Selected developer quotes:
“I’m torn. I’d like to help provide updated data on this question but also I really like using AI!” — a developer from the original study early-2025 when asked to participate in the late-2025 study.
“I found I am actually heavily biased sampling the issues … I avoid issues like AI can finish things in just 2 hours, but I have to spend 20 hours. I will feel so painful if the task is decided as AI-disallowed.” — a developer from the new study noting selection effects when choosing what tasks to include in the study.
“my head’s going to explode if I try to do too much the old fashioned way because it’s like trying to get across the city walking when all of a sudden I was more used to taking an Uber.” — a developer from the new study noting selection effects when choosing what tasks to include in the study.



The gains, where they exist, are nowhere near that much. In some cases, it makes developers slower (even though they think they’re a bit faster):
https://metr.org/blog/2025-07-10-early-2025-ai-experienced-os-dev-study/
Have you actually read the study? People keep citing this study without reading it.
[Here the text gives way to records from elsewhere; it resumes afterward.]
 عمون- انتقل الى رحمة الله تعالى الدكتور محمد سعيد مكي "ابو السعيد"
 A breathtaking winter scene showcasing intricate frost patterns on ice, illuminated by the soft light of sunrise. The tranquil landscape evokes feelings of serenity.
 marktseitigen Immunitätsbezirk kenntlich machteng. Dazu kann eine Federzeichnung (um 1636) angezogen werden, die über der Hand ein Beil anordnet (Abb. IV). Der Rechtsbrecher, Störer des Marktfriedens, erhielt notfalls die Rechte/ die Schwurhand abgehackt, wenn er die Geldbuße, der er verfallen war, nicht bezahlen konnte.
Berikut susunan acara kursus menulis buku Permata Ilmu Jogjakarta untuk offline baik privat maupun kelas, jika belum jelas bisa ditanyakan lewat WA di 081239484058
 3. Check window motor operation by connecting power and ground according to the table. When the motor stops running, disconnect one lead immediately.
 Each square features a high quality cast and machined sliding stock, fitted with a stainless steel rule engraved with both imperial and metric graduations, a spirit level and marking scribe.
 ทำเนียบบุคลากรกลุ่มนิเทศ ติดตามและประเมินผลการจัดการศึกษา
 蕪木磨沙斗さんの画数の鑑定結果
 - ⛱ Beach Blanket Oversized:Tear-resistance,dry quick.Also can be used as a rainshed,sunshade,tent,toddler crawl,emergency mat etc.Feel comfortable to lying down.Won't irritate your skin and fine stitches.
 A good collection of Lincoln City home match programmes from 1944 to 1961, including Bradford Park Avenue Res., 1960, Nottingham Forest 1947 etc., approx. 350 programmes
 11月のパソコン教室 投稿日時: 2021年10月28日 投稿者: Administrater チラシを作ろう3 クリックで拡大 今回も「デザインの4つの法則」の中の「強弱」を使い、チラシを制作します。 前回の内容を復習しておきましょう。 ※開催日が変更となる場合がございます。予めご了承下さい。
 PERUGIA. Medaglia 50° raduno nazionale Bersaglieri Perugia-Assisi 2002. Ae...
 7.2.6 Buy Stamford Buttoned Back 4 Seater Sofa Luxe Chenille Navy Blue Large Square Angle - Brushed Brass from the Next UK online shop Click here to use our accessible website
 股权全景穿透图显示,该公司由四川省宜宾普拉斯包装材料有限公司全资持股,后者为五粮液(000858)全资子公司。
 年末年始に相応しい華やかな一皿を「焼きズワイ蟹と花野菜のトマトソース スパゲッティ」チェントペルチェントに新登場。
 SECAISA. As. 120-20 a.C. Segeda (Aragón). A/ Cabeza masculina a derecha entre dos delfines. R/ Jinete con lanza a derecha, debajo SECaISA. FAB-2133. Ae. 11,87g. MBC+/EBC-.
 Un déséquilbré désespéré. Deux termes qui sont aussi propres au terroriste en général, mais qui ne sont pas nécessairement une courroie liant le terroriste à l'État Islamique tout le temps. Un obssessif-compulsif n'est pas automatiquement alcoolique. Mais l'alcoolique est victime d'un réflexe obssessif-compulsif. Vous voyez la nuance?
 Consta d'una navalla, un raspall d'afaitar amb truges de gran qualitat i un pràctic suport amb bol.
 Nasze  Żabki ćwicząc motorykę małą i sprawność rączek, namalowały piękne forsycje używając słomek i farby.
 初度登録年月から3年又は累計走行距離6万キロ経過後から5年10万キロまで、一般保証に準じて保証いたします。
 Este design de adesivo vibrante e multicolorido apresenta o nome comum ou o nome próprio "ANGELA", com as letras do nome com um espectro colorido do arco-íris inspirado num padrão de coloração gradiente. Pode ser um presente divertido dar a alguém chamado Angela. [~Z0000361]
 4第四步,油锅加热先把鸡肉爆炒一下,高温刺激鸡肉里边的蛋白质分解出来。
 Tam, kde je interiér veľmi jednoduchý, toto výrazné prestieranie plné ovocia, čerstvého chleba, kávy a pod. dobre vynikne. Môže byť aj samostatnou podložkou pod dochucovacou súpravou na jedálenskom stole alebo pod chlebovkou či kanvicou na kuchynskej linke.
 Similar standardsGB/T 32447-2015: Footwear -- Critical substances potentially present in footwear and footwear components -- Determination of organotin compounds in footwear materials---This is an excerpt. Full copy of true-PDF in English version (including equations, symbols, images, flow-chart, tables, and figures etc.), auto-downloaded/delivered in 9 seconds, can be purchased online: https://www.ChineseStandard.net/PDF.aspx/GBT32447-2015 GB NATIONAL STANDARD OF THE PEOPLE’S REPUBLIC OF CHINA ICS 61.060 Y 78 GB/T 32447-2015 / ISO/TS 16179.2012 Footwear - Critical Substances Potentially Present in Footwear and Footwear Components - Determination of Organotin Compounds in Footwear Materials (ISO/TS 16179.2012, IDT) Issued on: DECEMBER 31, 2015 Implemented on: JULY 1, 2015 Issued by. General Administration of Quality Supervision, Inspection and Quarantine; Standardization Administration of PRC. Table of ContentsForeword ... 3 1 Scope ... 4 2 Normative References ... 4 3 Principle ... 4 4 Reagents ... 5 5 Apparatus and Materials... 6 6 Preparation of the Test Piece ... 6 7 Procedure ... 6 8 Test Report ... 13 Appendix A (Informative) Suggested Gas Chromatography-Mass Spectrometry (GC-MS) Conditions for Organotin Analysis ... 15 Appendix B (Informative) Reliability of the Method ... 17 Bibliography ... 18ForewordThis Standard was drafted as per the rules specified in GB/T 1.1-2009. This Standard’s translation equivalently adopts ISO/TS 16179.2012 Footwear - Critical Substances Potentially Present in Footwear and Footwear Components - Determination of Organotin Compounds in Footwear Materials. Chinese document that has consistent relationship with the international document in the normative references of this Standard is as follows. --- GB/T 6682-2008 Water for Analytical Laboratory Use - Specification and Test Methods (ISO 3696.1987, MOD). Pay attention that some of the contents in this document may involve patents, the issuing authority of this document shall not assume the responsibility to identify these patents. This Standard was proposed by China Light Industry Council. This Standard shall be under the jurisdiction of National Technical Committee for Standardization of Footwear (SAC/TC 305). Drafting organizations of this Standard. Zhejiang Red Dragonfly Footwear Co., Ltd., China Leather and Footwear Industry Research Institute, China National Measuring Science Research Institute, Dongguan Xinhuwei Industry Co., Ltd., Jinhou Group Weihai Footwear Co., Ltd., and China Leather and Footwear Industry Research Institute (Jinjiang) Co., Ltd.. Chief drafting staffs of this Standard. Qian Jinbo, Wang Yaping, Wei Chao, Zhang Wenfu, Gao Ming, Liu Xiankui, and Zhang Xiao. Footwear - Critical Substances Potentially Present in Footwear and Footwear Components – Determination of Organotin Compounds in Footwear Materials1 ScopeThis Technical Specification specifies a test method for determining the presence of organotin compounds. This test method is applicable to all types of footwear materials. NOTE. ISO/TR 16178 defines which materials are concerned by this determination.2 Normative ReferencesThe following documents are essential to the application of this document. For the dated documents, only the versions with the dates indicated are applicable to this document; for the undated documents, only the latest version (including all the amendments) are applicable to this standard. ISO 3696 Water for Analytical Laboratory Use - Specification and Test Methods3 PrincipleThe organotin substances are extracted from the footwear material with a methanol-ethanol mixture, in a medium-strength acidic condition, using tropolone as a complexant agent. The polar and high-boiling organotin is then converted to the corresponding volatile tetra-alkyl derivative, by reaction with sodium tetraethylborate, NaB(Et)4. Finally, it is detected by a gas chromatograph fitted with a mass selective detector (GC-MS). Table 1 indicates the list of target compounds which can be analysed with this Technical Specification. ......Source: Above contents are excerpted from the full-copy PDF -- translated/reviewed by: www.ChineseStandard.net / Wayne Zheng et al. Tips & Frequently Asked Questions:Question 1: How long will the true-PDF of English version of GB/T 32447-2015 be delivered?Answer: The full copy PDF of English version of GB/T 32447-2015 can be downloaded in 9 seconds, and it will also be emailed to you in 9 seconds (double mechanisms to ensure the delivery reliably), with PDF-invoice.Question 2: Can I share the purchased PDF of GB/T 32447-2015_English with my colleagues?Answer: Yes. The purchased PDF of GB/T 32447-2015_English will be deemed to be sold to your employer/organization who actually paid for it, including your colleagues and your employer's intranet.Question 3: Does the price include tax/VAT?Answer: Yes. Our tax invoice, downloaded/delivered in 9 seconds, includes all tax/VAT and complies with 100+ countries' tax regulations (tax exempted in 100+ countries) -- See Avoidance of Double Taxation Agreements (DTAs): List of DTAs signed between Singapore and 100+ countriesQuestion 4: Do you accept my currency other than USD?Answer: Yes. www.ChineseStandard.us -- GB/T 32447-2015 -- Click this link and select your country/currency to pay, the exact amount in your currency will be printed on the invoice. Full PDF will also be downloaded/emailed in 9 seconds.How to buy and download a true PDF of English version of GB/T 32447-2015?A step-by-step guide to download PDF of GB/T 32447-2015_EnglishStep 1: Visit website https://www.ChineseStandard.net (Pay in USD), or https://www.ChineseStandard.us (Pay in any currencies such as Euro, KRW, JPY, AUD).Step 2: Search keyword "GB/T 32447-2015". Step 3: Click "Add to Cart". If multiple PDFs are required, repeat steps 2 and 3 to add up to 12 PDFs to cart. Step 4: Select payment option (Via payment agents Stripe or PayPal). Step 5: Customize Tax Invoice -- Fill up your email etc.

They grabbed like 8 devs who did not have pre-existing set up workflows for optimizing AI usage, and just throw them into it as a measure of “does it help”
Imagine if I grabbed 8 devs who had never used neovim before and threw them into it without any plugins installed or configuration and tried to use that as a metric for “is nvim good for productivity”
People need to stop quoting this fuckass study lol, its basically meaningless.
Im a developer using agentic workflows with over 17 years experience.
I am telling you right now, with the right setup, I weekly turn 20 hour jobs into 20 minute jobs.
Predominantly large “bulk” operations that are mostly just boilerplate code that is necessary, where the AI has an existing huge codebase to draw from as samples and I just give it instructions of “see what already exists? implement more of that following <spec>”
A great example is integration testing where like 99% of the code is just boilerplate.
Arrange the same setup every time. Arrange your request following an openapi spec file. Send the request. Assert on the response based on the openapi spec.
I had an agent pump out 120 integration tests based on a spec file yesterday and they were, for the most part, 100% correct, yesterday. In like an hour.
The same volume of work would’ve easily taken me way longer.
What about developer burnout rates? Cause those same studies also say there was significantly less Dev burnout happening.
If anything my personal experience is the opposite. When using AI the way work wants me to, with multiple agents going in the background, I’ve completely lost any sort of “flow state” I normally get when focused on a problem. It’s no fun anymore, and the only thing keeping me going is working on my personal projects without AI in my free time… I didn’t get in to this to become an AI babysitter.
Yeah I get that. I just like avoiding having to do boring tasks is all so that I can work on the core problem I’m trying to solve. I don’t want to deal with code refactoring manually, I’d rather babysit this thing to do that piece by piece. It’d probably take me longer, cause id do something else on the side that I actually wanted to work on, but id be more content not having to manually do the tedious refactoring myself.
AI is not a catch all for all problems, if I’m thinking something thru very different set of tools for that. I might use an LLM for that but mainly as an interface over a vectordb and help me look things up, and not write or show me any code ever. Essentially a contextual grep or rg.
Sorry you’re being forced to use a hammer to make a surgical precision cut. That really sucks man.